• **Work instructions**
Within the lines below, the span from the line with "1. バーコードが表示できな" to the line with "Nosiheptide precursor peptide", both ends included, is to be reproduced exactly, with pictures omitted.

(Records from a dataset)
========

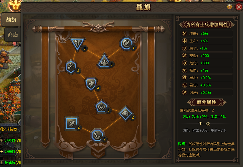 战旗中所获得的能力提升将为所有士兵增加属性,每种能力均可进行升级,升级后士兵所获得的属性也将相应加强。当九种能力同时达到某一等级时,将激活额外属性,共同等级越高,能获得的额外属性也越多。
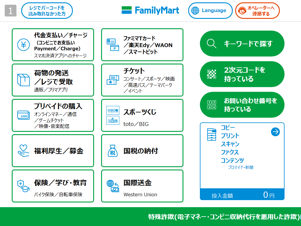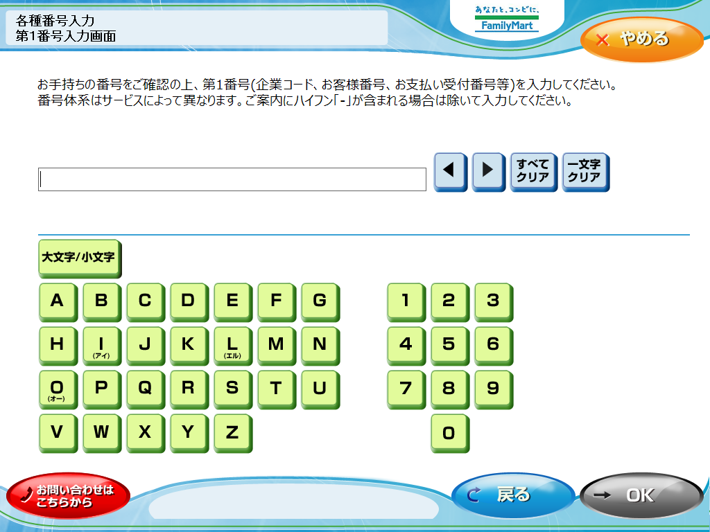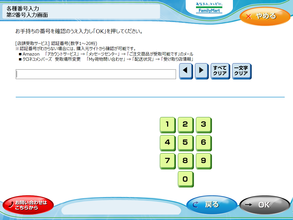 1. バーコードが表示できない場合やフィーチャーフォンをご利用の場合、店内にあるマルチコピー機で第1番号(送り状番号)と第2番号を入力し、「Mコピーサービス申込券」を発券して、レジでご提示ください。
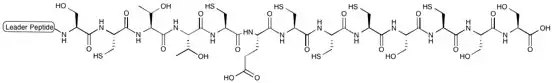 Nosiheptide precursor peptide including 37 amino acid leader peptide and 13 amino acid structural peptide (shown).
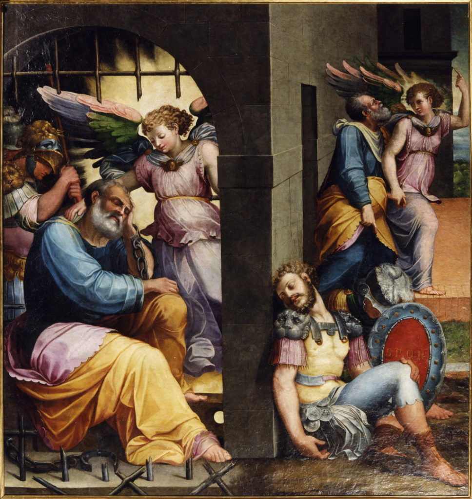 La scena si ispira al celebre prototipo della Liberazione di san Pietro della Stanza di Eliodoro in Vaticano affrescata da Raffaello, in particolare nella descrizione accurata dell’inferriata traforata e nel forte contrasto luministico creato dalla luce dell’angelo che squarcia le tenebre della prigione. Spiccano le preziosità di alcuni dettagli decorativi, come la corazza del soldato addormentato in primo piano, l’elmo dorato di quello alle spalle di san Pietro e il gioiello che arricchisce le vesti leggere dell’angelo. Il forte richiamo alla pittura raffaellesca testimonia la fortuna che il cantiere farnesiano della Rocca Paolina ebbe nella pittura perugina di metà Cinquecento; non a caso Orazio Alfani, autore delle Storie dei santi Pietro e Paolo, venne affiancato, in questa prima impresa per San Pietro (1547-1548), da Leonardo Cungi, un pittore della stretta cerchia vasariana.
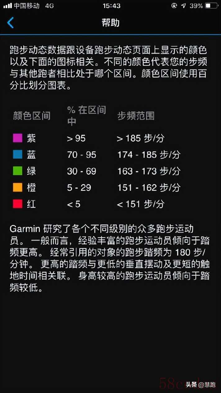 佳明用不同颜色加以区分,目的是帮助大家更好地理解自己所处的水平,步频最快的用紫色表示,步频较快的用蓝色表示,绿色表示步频处于中间水平,也即约有一半的跑者与你的步频相当,橙色代表步频较慢,红色则代表很慢,在佳明手表中,红色和橙色属于警戒色,代表你需要加快步频。

========

• **Response area**
 1. バーコードが表示できない場合やフィーチャーフォンをご利用の場合、店内にあるマルチコピー機で第1番号(送り状番号)と第2番号を入力し、「Mコピーサービス申込券」を発券して、レジでご提示ください。
 Nosiheptide precursor peptide including 37 amino acid leader peptide and 13 amino acid structural peptide (shown).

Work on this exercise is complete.